Folmam descobrirá que é vítima de sua própria omissão, uma omissão compartilhada, mas nem por isso menos aterradora. O ponto de partida é o sonho do amigo que acaba por evocar seu estranho e providencial esquecimento quanto a acontecimentos cruciais de sua vida e de seu país. Não é preciso um olhar de especialista para identificar um forte apelo psico-analítico em seu processo de entrega e aclaramento progressivo de memória. O sonho dos 26 cães e interpretação do amigo ativam o enigma de sus amnésia acomodada e pacificadora.
Até onde devemos seguir em nossas auto investigações? Deve-se mesmo tudo lembrar? Pode-se viver sem esquecer? Que esquecimento é produtivo e vivificante e qual aquele que se ressente de sua própria obscuridade nos fazendo girar em círculos viciosos? O fio da memória de Folman, antes o fio da memória histórica recente, fá-lo tecer uma trama psicossocial que aponta para um esquecimento pessoal e coletivo de crimes cometidos por um povo que sofreu do mesmo horror a que subjuga outro, em tempo assustadoramente próximo. Folman é judeu israelense. Seus pais estiveram em Auschwitz e ele próprio serviu na Guerra do Libano. Onde estava ele, o que fez, que participação teve nos massacres de Sabra e Chatila? Por que escavar esse passado incômodo? Ainda Nietzsche: “É, pois, pela faculdade que o homem tem de fazer servir o passado à vida e de refazer a vida com o passado, que o homem se torna homem…” O ímpeto auto analítico e auto expositivo de Folmam denunciam seu incômodo com sua beneficente condição injusta; ele insiste, então, para reparar os agravos e crimes que não devem ser esquecidos nem banalizados. Não são apenas seus crimes, são crimes coletivos, por ação, cumplicidade, omissão, conivência com a barbárie e sobretudo, por esquecimento. Sua coragem revela o avesso da autocomiseração dos judeus israelenses que silenciam, sobretudo estes, diante do persistente e gradual genocídio contra a população palestina.

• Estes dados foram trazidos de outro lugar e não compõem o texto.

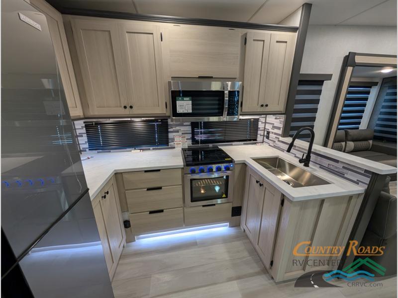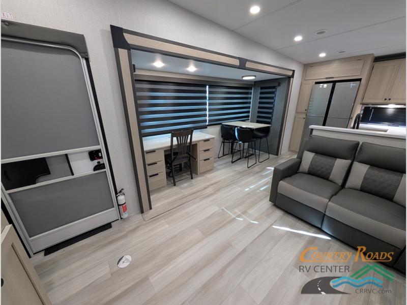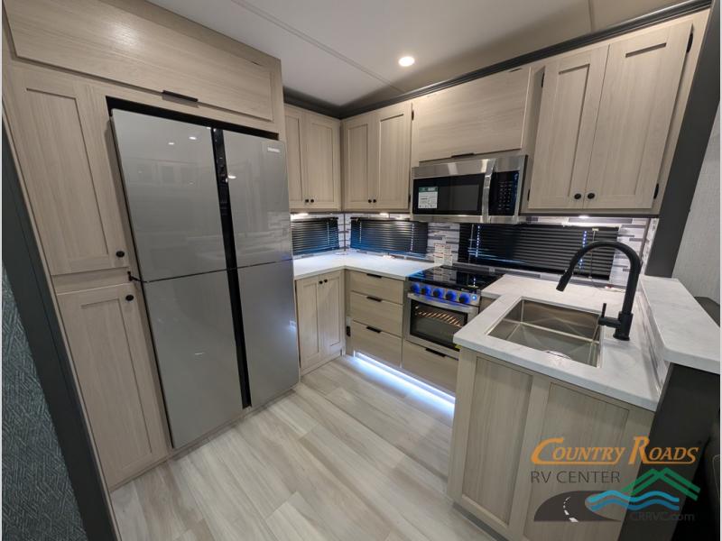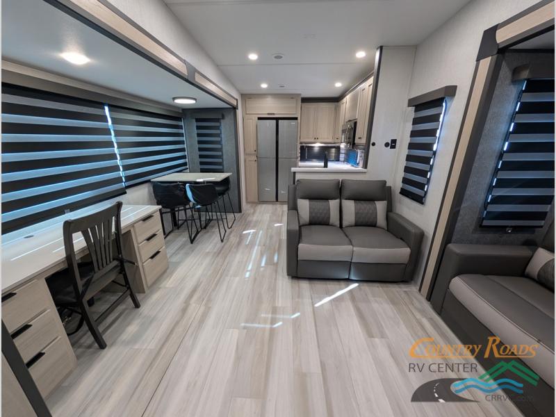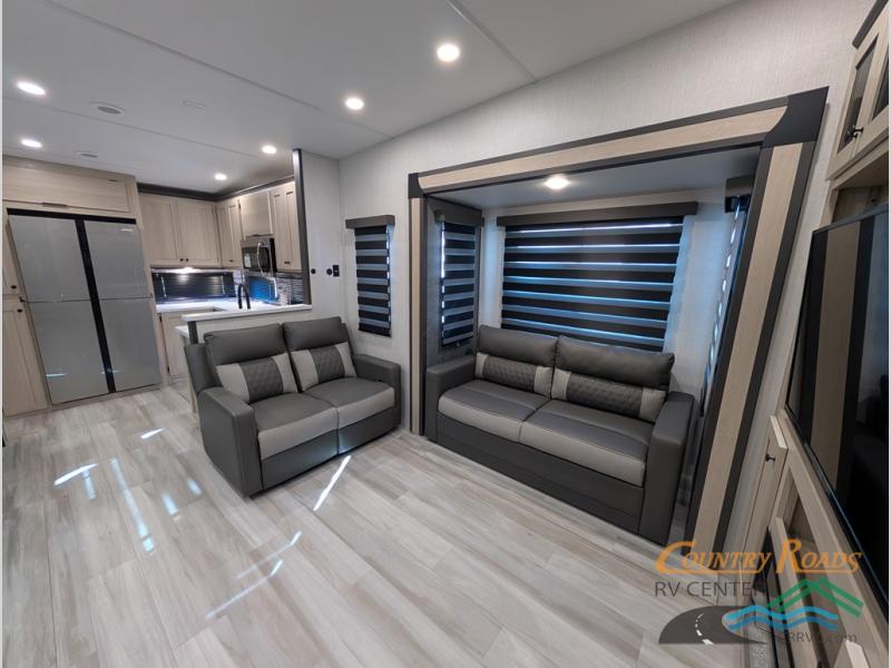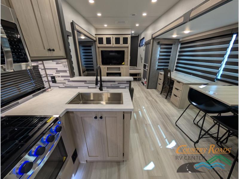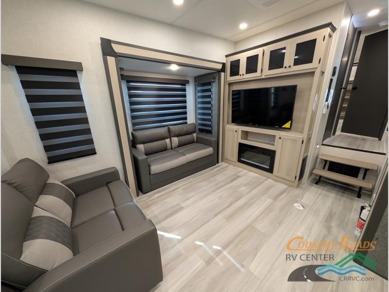 Cook like a chef worthy of a Michelin star in this amazing fifth wheel! Inside, you'll find a spacious rear kitchen, complete with a pantry, a 12V refrigerator ideal for keeping your fruits and vegetables fresh, overhead cabinets, and a sprawling countertop for all your cooking and dining times. The high-top table and chairs provide the perfect place to enjoy meals with family and friends. The living room is a cozy place featuring comfortable theater seating, a tri-fold sofa, a cozy fireplace, an entertainment center, and a convenient desk for staying productive on the go. The full bathroom is also a great place to freshen up, complete with a linen closet and all the amenities you need to take a bath and feel at home. With a spacious shower and plenty of storage, you'll have everything you need to start your day off right. The perfect place to rest and recharge after a long day of adventure is the front bedroom which boasts a comfortable king bed, dresser, walk-in wardrobe with washer and dryer prep, for keeping all your favorite belongings clean and organized on the road. Outside, you'll appreciate the pass-through storage for all your gear and toys, as well as the two awnings (15' and 11') ideal for creating unforgettable memories outside without worrying about the weather.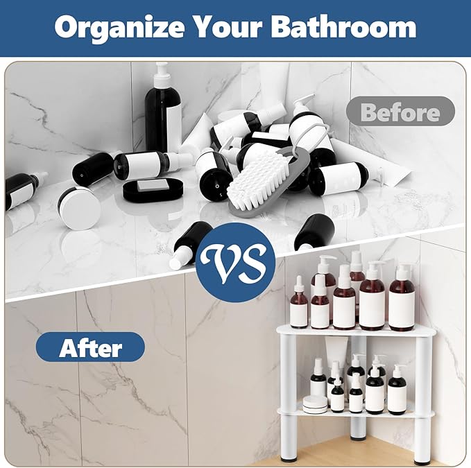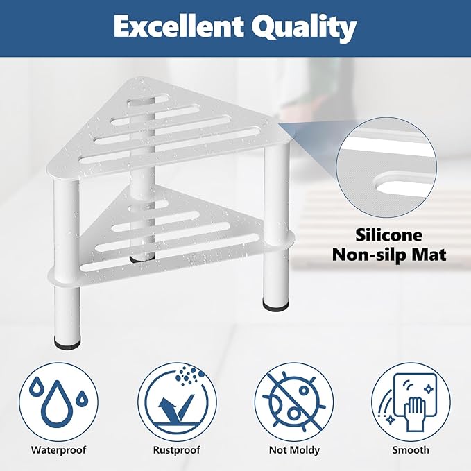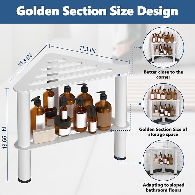 - 【Great Design】 The shower foot stool top shelf is a non-slip surface that is safe to place your feet on it and shaving legs without risk of slipping. There are also drainage holes on the shelf, so you don’t have to worry about water accumulation. The design of adjustable foot pads can better adapt to the sloped bathroom floor, you can adjust the level according to the situation. And there are also anti-slip pads on the feet. It fits perfectly in a corner and doesn't take up much space.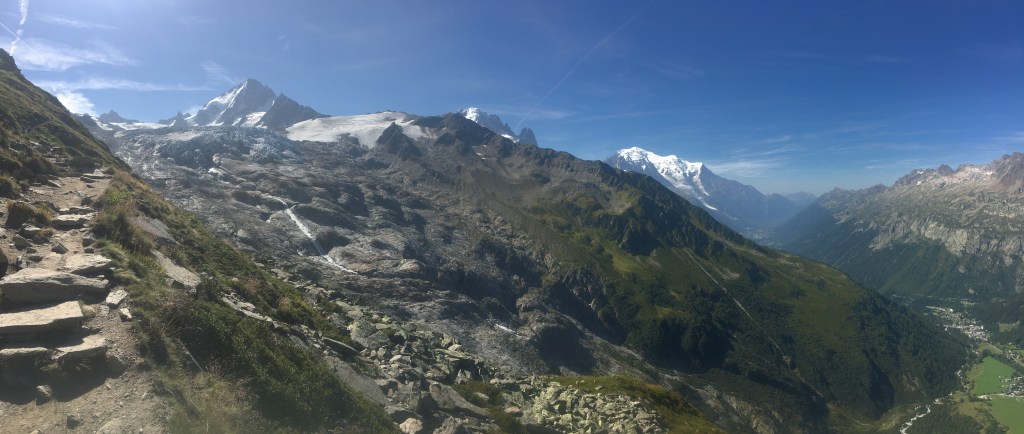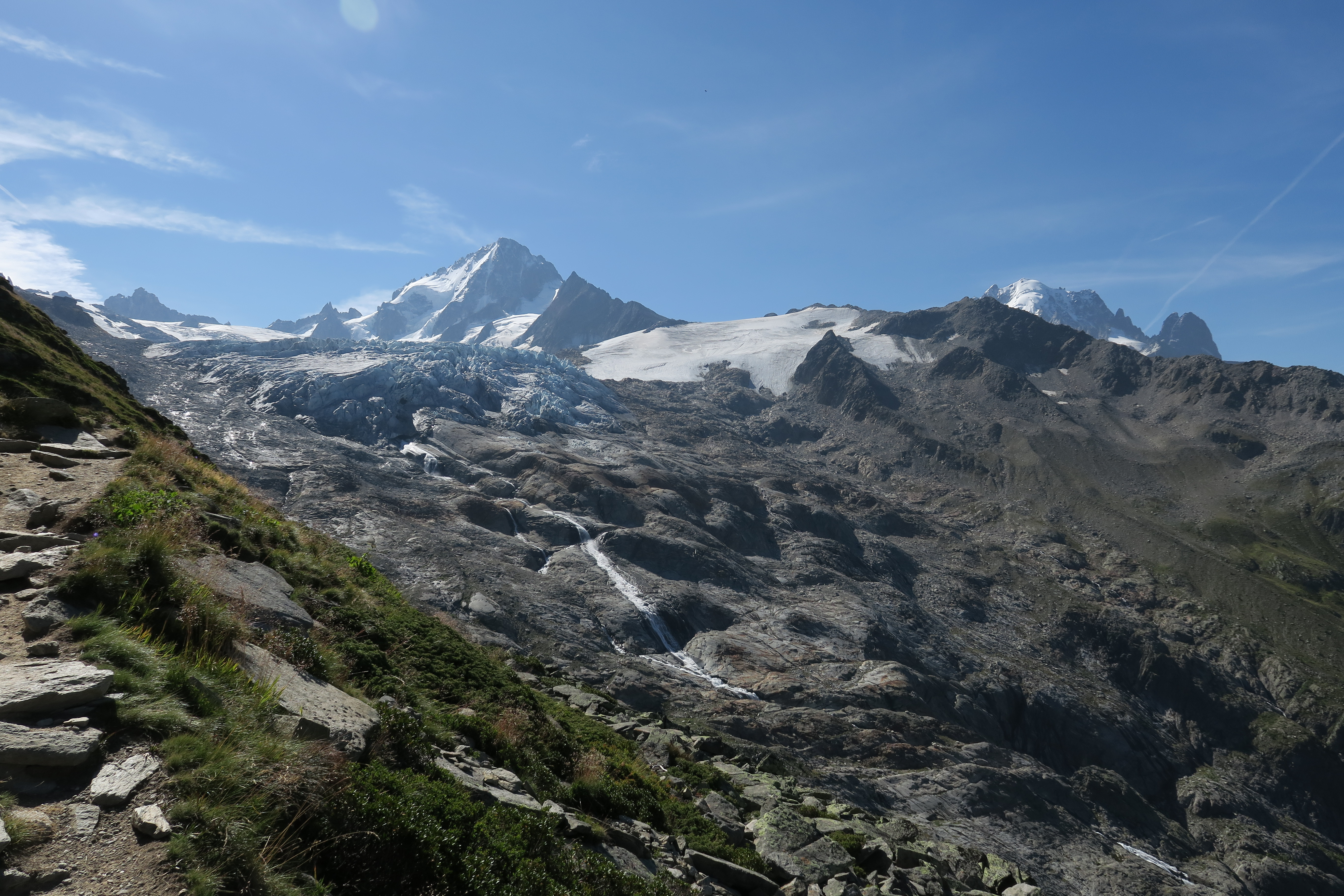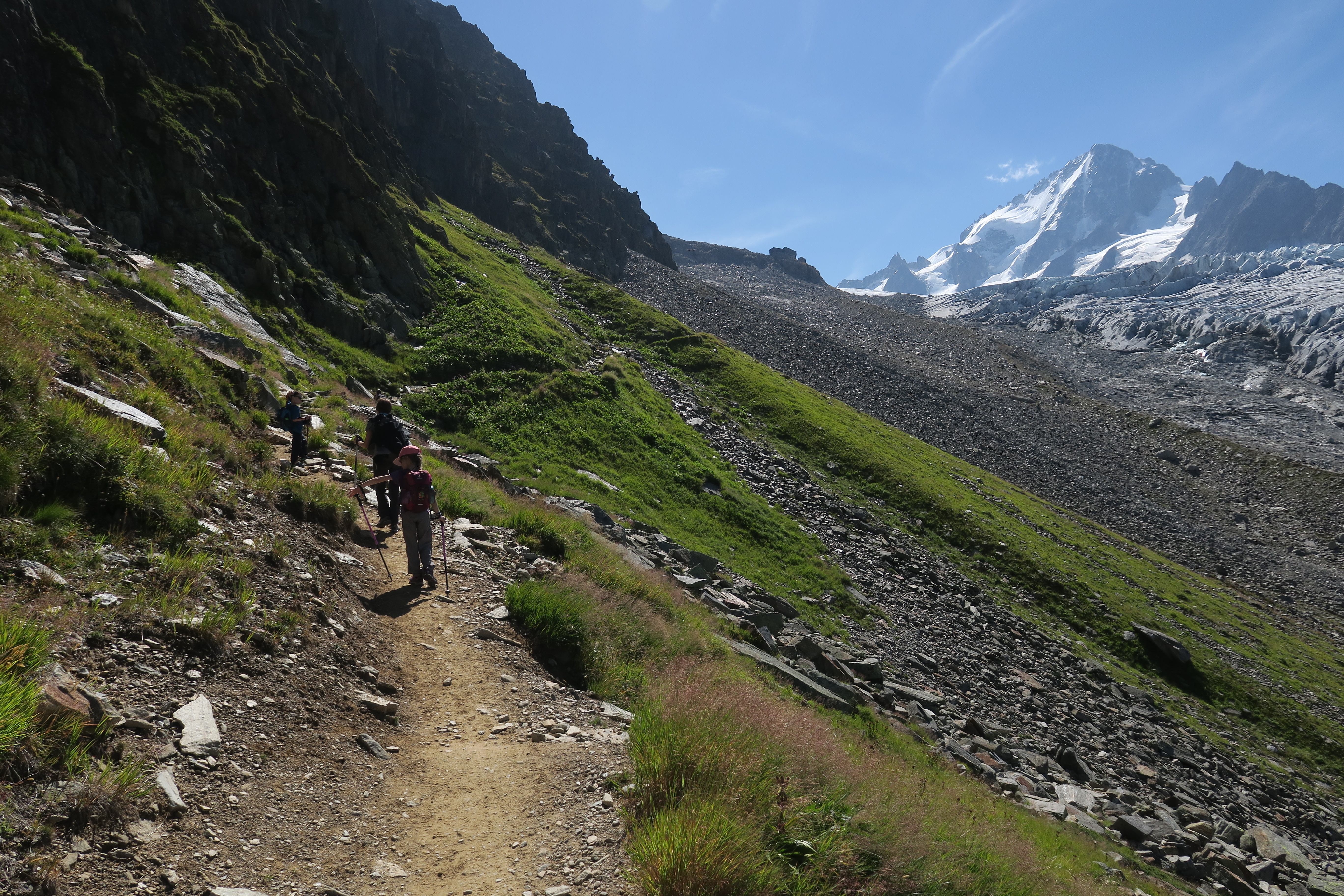 La récompense arrive après une dernière montée d’une pente assez soutenue dans un terrain pas très stable. Vous pourrez pic-niquez (ou mangez au refuge) en bord de glacier.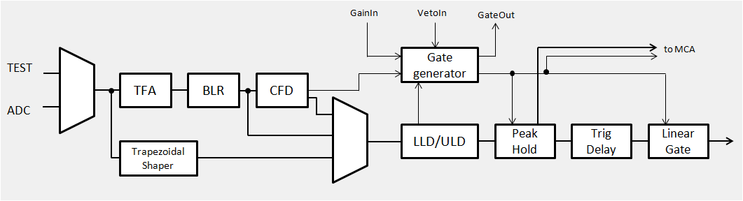- Trapezoidal Shaper・・・弾道欠損の波形整形。半導体検出器の場合に使う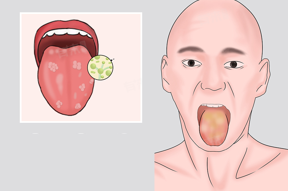 2、鹅口疮:念珠菌过度生长,特别是在免疫力低下时,会导致口腔黏膜上出现白色奶皮状膜,一般伴有口腔干燥、疼痛或灼热感。可以使用抗真菌药物,并保持口腔清洁。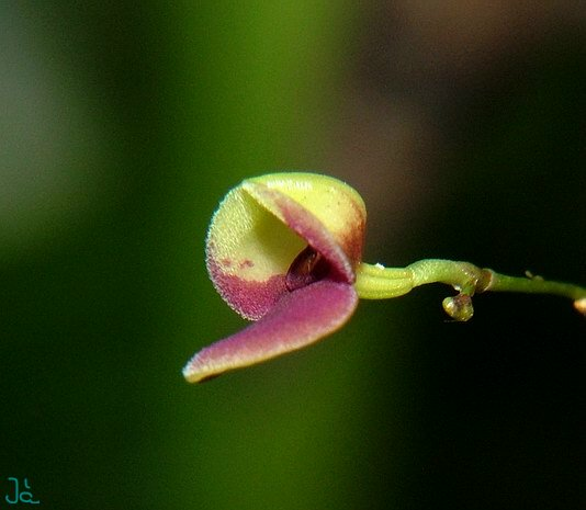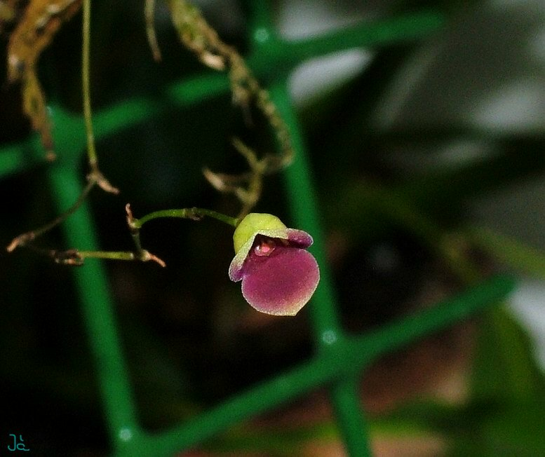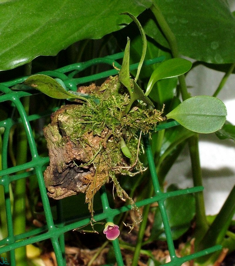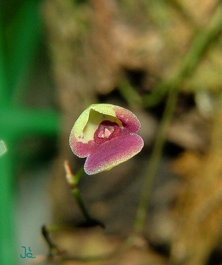 Found in Ecuador at elevations of 950 to 1300 meters as a mini-miniature sized, warm to cool growing epiphyte with slender, erect ramicauls enveloped basally by a tubular shaeth and another above and carrying a single, apical, erect, coriaceous, broadly elliptical, obtuse, cuneate below into the petiolate base leaf that blooms in the winter and spring on a suberect, lax, 2 to 2.8" [5 to 7 cm] long including the 1 to 1.2" [2.5 to 3 cm] successively few, single flowered inflorescence arising through an annulus below the apex of the ramicaul and has oblique, acute floral bracts.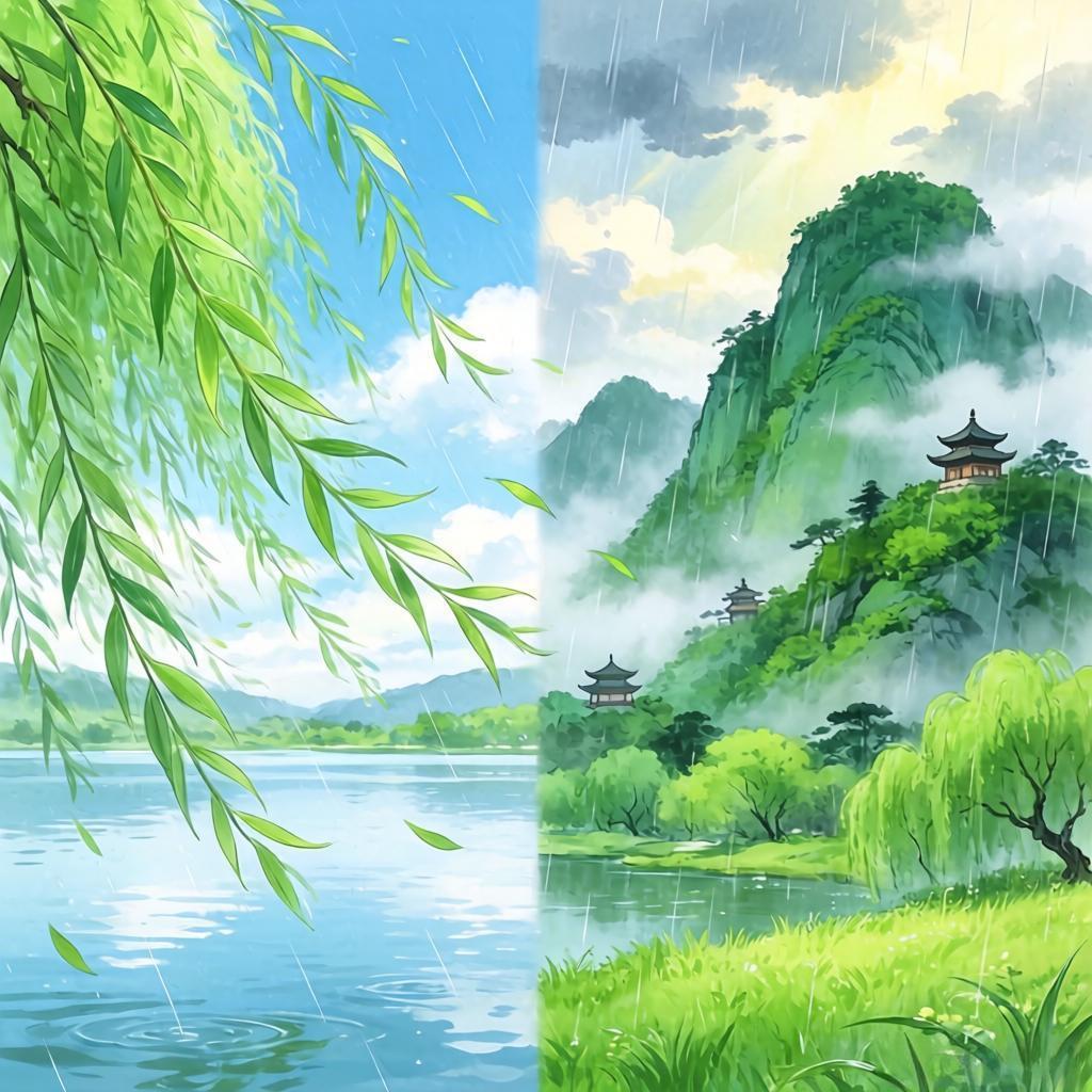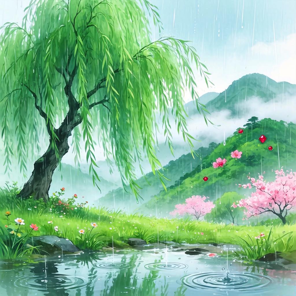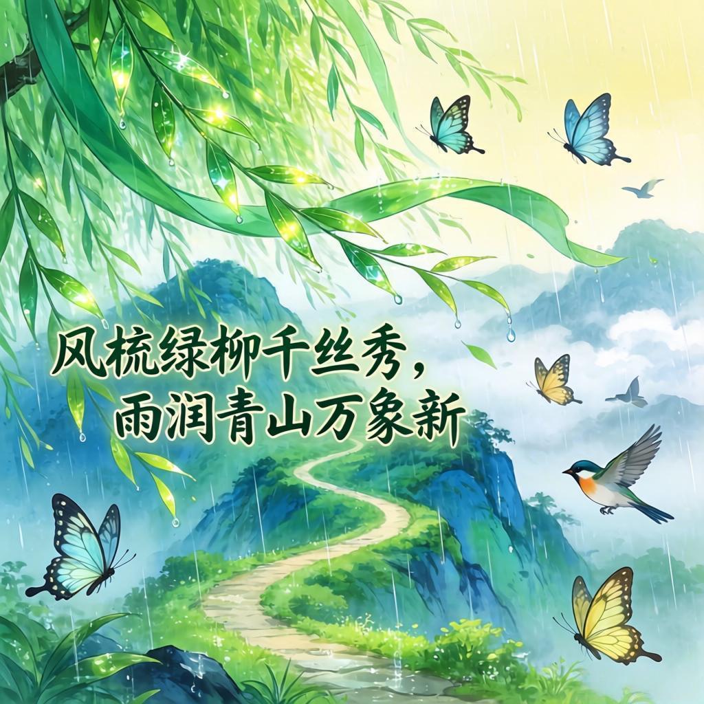 上联:风梳绿柳千丝秀 下联:雨润青山万象新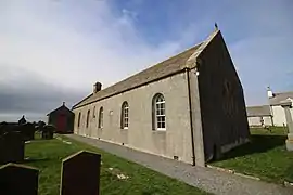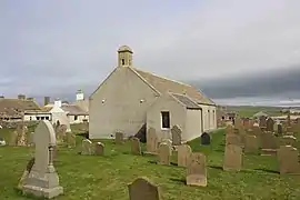 St Magnus's Church is located in the village of Birsay in the northwest area of Mainland, Orkney in Scotland. It is a rectangular building with a harled exterior, round-headed windows and gabled ends. The western gable contains an original birdcage style belfry. The church has a small southwest porch, possibly dating from the 1867 remodel.[1][2]

Mais uma vez sobressai a estupidez da guerra, completamente banalizada pela concorrência cínica com a vida ordinária onde quase mais ninguém se importa, a maior parte às voltas com o pequeno cotidiano tentando alhear-se completamente do horror que bate à porta.
O recurso da animação que se configura ao final em dura realidade, a trilha sonora que fala, os delírios da grande mãe que embala… Folman inquieta. Onde você estava naquele dia do último massacre, da última violência cometida contra os mais fracos? O que você faz enquanto centenas mofam nos porões? Como aprendeu a conviver com o horror, sem implicar-se nele? Como recordará sua vida, para contá-la, quando os livros derem voz aos injustiçados de sua geração? Não se engane: o recalcado fala através de máscaras mortíferas, E sempre retorna em carantonhas medonhas.
Um filme obrigatório.
A autora é Professora de Filosofia
Valsa com Bashir (Waltz with Bahir, Israel 2008) de Ari Folman. 88 minutos.